With the pictures left out, print exactly the lines below that run from the one containing "Rustic romantic style" through the one containing "Celebrate the spirit".

• [Dataset records]
Content starts
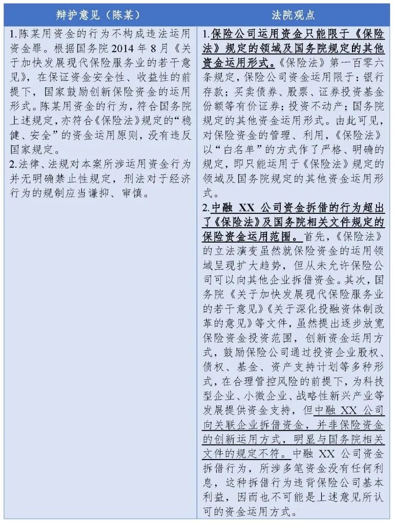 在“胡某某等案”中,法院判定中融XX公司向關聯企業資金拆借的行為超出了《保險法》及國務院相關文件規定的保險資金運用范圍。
Content ends
Content starts
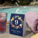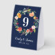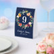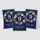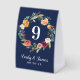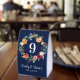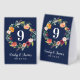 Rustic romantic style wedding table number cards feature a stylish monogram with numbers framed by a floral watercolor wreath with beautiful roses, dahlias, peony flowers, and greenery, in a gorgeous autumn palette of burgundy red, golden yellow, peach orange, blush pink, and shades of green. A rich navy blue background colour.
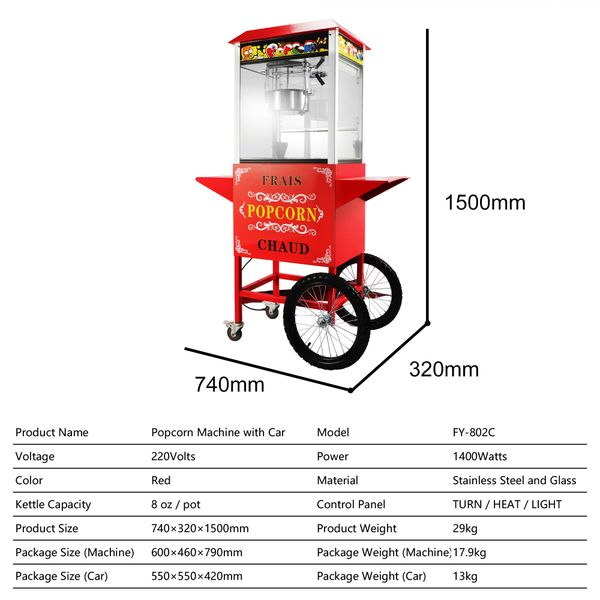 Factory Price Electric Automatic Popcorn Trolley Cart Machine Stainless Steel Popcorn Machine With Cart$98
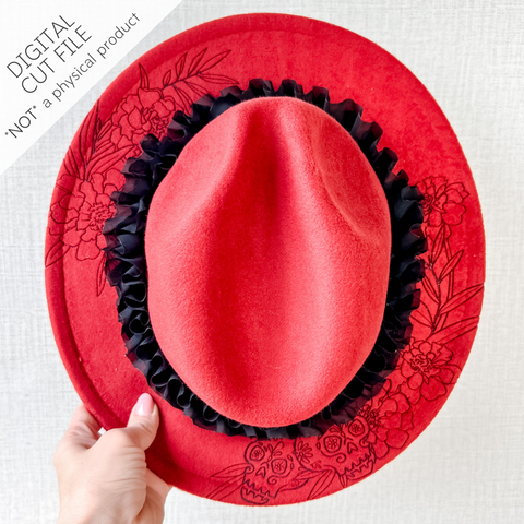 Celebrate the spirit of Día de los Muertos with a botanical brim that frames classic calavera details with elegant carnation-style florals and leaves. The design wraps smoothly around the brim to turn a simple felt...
Content ends
• [Response to the exercise]
 Rustic romantic style wedding table number cards feature a stylish monogram with numbers framed by a floral watercolor wreath with beautiful roses, dahlias, peony flowers, and greenery, in a gorgeous autumn palette of burgundy red, golden yellow, peach orange, blush pink, and shades of green. A rich navy blue background colour.
 Factory Price Electric Automatic Popcorn Trolley Cart Machine Stainless Steel Popcorn Machine With Cart$98
 Celebrate the spirit of Día de los Muertos with a botanical brim that frames classic calavera details with elegant carnation-style florals and leaves. The design wraps smoothly around the brim to turn a simple felt...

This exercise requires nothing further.